Methods for Optimal Guidance of Industrial Robot Motions

Abstract

Industrial robots are used in a number of very different tasks. Typical applications are spot welding, arc welding, assembly, painting, material handling. Therefore application flexibility is a key concept for an industrial robot. Application flexibility of a robot is greatly enhanced by the use of fast and easy methods of teaching the robot. This paper deals with a new man-machine interface for teaching robots. At our institute a colour-screen-system with light pen has been developed. This system is used for the definition of the work flow at workpiece handling from a moving conveyor to the place of deposit. With this system the operator can draw instructions over a real video frame showing the robot and the working place. Possible instructions are obstacles or intermediate positions of the robot path.
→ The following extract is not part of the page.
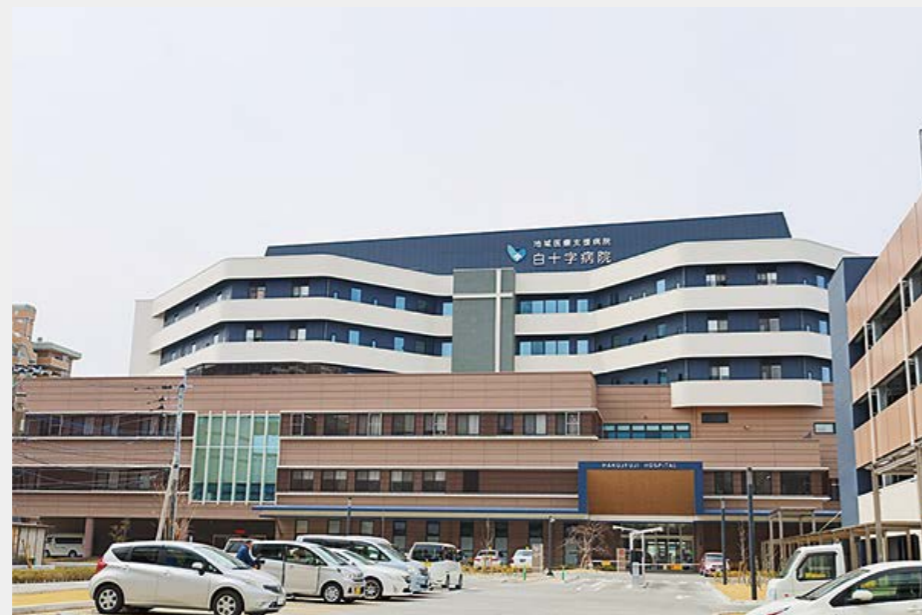
Hakujuji Hospital, Japan

A first realization was done with one camera at the ceiling.A further crucial point treated in this paper is the calculation of robot paths. Depending on intermediate path points, forbidden areas and given velocities the paths of robot motions are computed. The computation algorithm gets its input data from the teaching informations as well as from an optical sensor, which recognizes position and orientation of a workpiece on a moving conveyor. Because the calculation of robot paths is done in joint coordinates transformations from “world ”-coordinate systems (teaching and sensor coordinate systems) into the joint coordinate system are necessary. For the trajectories of the robot motions polynomials are determined. Determining these polynomials various optimisation criteria (length, time, energy consumption, minimum stress imposed on material) can be taken into consideration. The calculations for the optimal guidance of robots are done by a microprocessor, which is a part of a distributed microprocessor system.